## Some Nuts And Bolts Of Music Theory

When I started learning music seriously I was a teenager. I’ll turn 54 in a couple of weeks, and I’m still figuring out all this stuff, despite (or perhaps because of) being a professional musician and music teacher for three decades. Having a 7-year-old daughter is an enormous help.

In high school I took my first music theory class. The teacher’s name was Mr. March, which should have been a clue. The first day, he said to the class, *“I’m going to test your musical ears.”* He told us to take out a piece of paper. Then he said, *“I’m going to play two intervals on the piano. You write down which is bigger, the first or the second.”*

Then he turned his back to us and pressed some keys on the piano.

*I did not have a freakin’ clue what was going on.*

I did not recognize that he was hitting two keys simultaneously. What I heard was *a series of sounds*. What did he mean by “which one is bigger”? I’m pretty sure I just gave up on the exam.

Mr. March was operating under some default assumptions that were never stated. This is not uncommon in teaching, and it’s practically a given in music teaching, where teachers are distressingly likely to start where *they are*, rather than *where their students are*.

Here’s what I tell students who want to learn about music theory.

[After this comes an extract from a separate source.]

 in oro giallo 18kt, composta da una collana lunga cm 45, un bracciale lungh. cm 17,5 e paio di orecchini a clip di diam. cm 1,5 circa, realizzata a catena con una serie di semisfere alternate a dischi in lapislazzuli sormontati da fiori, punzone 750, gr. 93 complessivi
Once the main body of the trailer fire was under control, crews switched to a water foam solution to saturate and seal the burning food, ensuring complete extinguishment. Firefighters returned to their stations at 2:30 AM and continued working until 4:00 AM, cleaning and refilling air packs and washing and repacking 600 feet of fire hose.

Musical sound concerns itself with vibration within the frequency range that our ears can perceive. Vibrations outside that range don’t get picked up by our ears, so we won’t talk about them.

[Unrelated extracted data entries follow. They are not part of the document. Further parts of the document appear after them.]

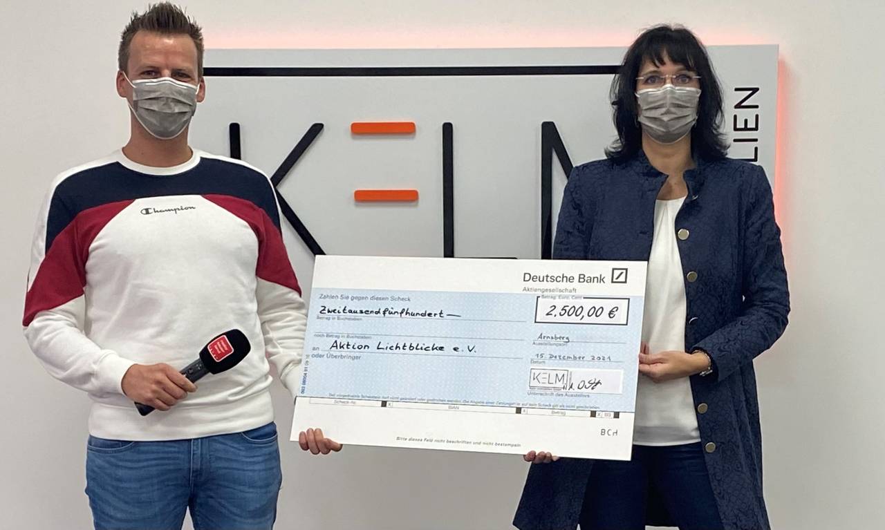 Das Immobilienbüro Kelm aus Arnsberg spendet 2.500€ an die Aktion Lichtblicke.
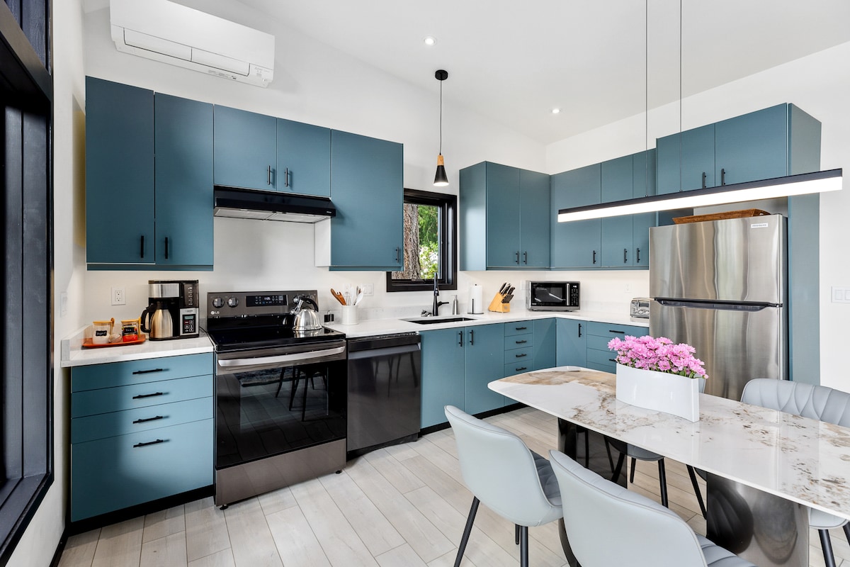 Відпочиньте біля зірок і прокиньтеся з птахами в цьому приватному гостьовому будинку-студії. Згори донизу це особливе місце. Склепінчасті стелі та освітлення неба дозволяють природному сонячному світлу фільтрувати вище. Дерев 'яна підлога в сільській місцевості, обрізана кленовими деревами, блискуть під ногами внизу. Відкрита, сучасна кухня з гранітними стільницями, плитою, плитою, холодильником, мікрохвильовою піччю, кавоваркою, тостером та усім необхідним для приготування та споживання їжі вдома. Окремий вхід і тераса з зовнішніми сидіннями дозволяють насолоджуватися природою, коли олені бродять по саду, а птахи дартс навколо дерев.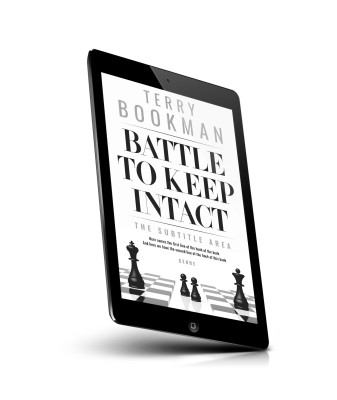 “A book cover featuring the title "Battle to Keep Intact" with a chessboard and pieces at the bottom. Monochrome color scheme.”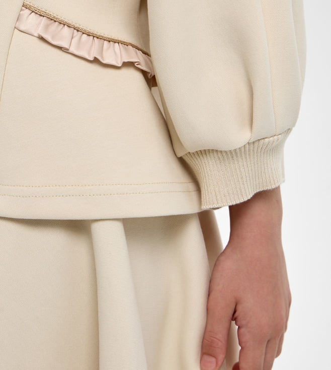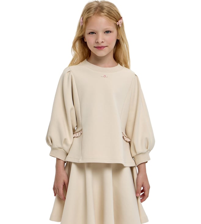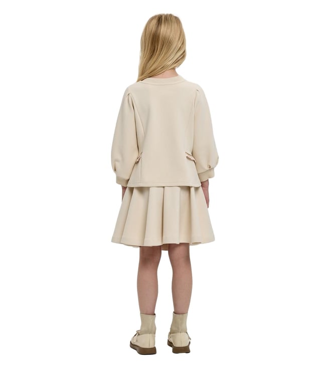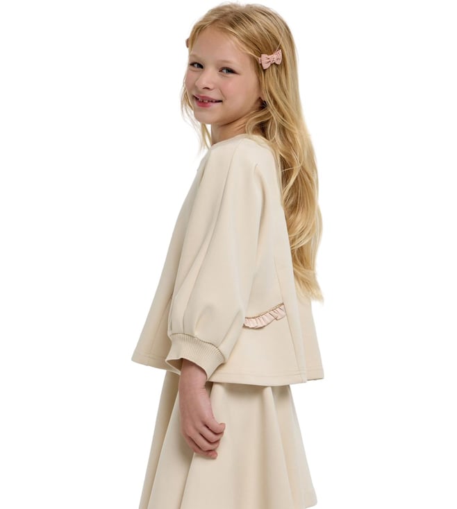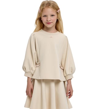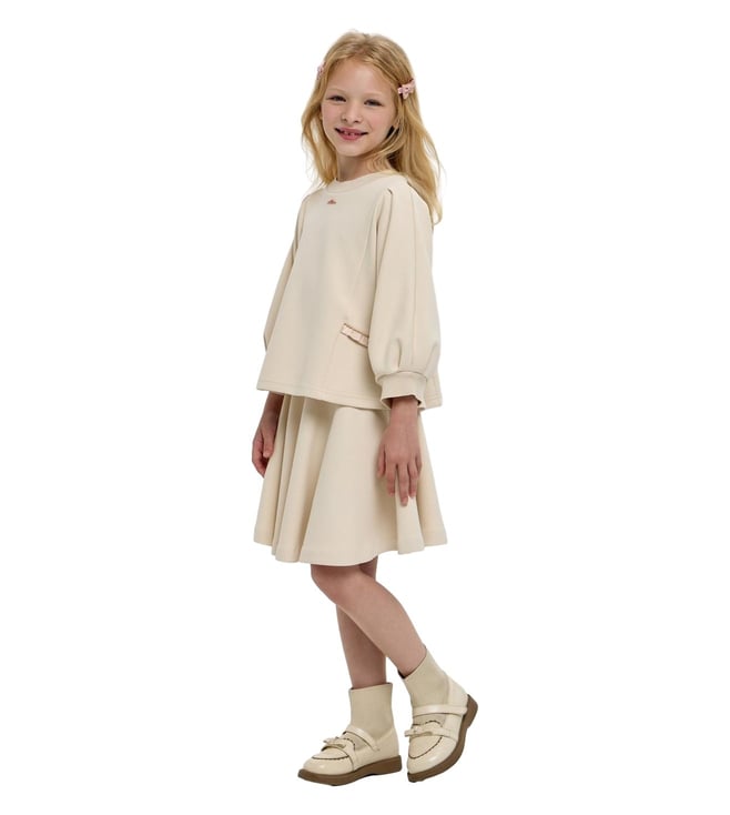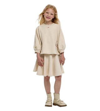 This elegant sweatshirt and skirt set for girls combines refined style with comfortable wear. The sophisticated design ensures a polished look, perfect for occasions where a graceful and coordinated outfit is desired. Crafted to offer both ease and charm, this set is a timeless addition to a young wardrobe.

Some vibrations have *periodicity*. Others do not. An example of the first kind is a tone played on a flute; an example of the second kind is crumpling a sheet of paper.

While musical performance uses both types of sounds, the study of harmonic relationships is only concerned with periodic sounds — the ones with identifiable frequencies, usually measured in cycles-per-second. Sounds with identifiable frequencies are called *tones*. If you take a series of rhythmic impulses and speed them up, they will turn into tones.

If you have two tones with the same frequency, they are in a very specific relationship. Their numbers match; they are in a 1-to-1 ratio. The musical term for this relationship is *unison*.

If you and I sing the exact same note, our vocal chords are vibrating at the exact same speed, and we are singing in unison. If we’re *almost but not quite* at the exact same speed, the frequency ratio between our voices changes from 1:1 to something more complicated. 189.235147 : 193.772121 is almost the same as 190:190 (which reduces to 1:1) but it’s a more complex relationship — and it’s perceived by our ears as “out of tune.” Obviously there are a lot more ways to be out of tune than to be in tune!

If you have two tones in the frequency ratio 2:1, their numbers no longer match, but their relationship is still simple. One vibration moves twice as fast as the other. The musical term for this relationship (in Western musical tradition) is *octave*.

Notice that the term “octave” means “eight,” which has absolutely nothing to do with the actual mathematics involved.

To our ears, the frequency of any power of 2 seems to have the same “quality” as any other. Notes an octave apart are given the same name in nearly every world musical system that goes so far as to name the notes in the first place. This means that experientially, 2:1, 4:1, 8:1, 16:1… are all identical 1:1.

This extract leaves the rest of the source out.